20

113 16 3
                                    

Riani menyuruh Sara membuka sebuah pintu yang ada di dalam kamar luasnya— posisi pintu itu tepat di sebelah pintu kamar mandi pribadi Riani. Sudah berulang kali Sara main ke rumah Riani dan memasuki kamarnya, tetapi baru kali itu si rambut pixie cut mengizinkan Sara untuk melihat isi di dalam pintu itu.

"Di dalam bukan sarang penyamun, kan?" tanya Sara curiga, menyipitkan mata.

"Isinya kebon binatang," gurau Riani asal membuat Sara tergelak. "Ya enggaklah, Sar. Udah buka dulu," sambungnya.

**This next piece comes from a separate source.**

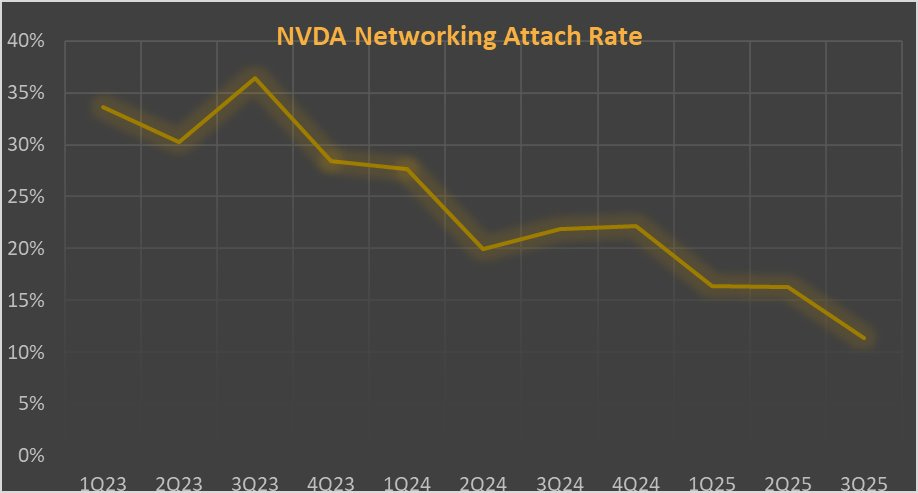 I think that’s all fine, but the actual open question from this earnings result was about networking—specifically, what is happening with the networking attachment rate? Its a drastic decline as a percentage of datacenter revenue.

Tatkala pintu itu terbuka, Sara tak pernah sangka kalau akan dibuat cukup takjub dengan isinya. Di balik pintu itu ternyata terdapat walk-in closet yang cukup besar. Baju-baju dan gaun-gaun berderet rapi digantung, beberapa diantaranya terlihat dilapis plastik pelindung—seperti baru habis dicuci di binatu. Beragam sepatu kets dan tumit tinggi lumayan banyak berderet di dalam rak-rak yang tersusun. Berbagai aksesoris tampak tersusun teratur pada kotak dan rak-rak mika bening.

Sara masih sibuk melongo sembari pandangannya terus mengedar ke sekeliling walk-in closet. Tak lama, ia kembali menoleh pada Riani yang tampak masih berdiri di belakangnya. "Ri, ini maksudnya—"

"Sekarang lo boleh pilih mana yang lo suka," potong Riani. Senyum cewek itu terlihat semringah.

"Ha?"

"Kok, malah 'ha'? Lo boleh pilih mana yang lo suka buat dipakai malam ini, Sar. Pokoknya harus cantik."

"Maksudnya apaan, sih. Malam ini?"

"Nggak usah pura-pura pikun, deh, Sar," tukas Riani kemudian menyentil dahi sahabatnya itu. Sara lalu sontak memekik dan mengusap-usap dahinya yang sudah jadi korban Riani.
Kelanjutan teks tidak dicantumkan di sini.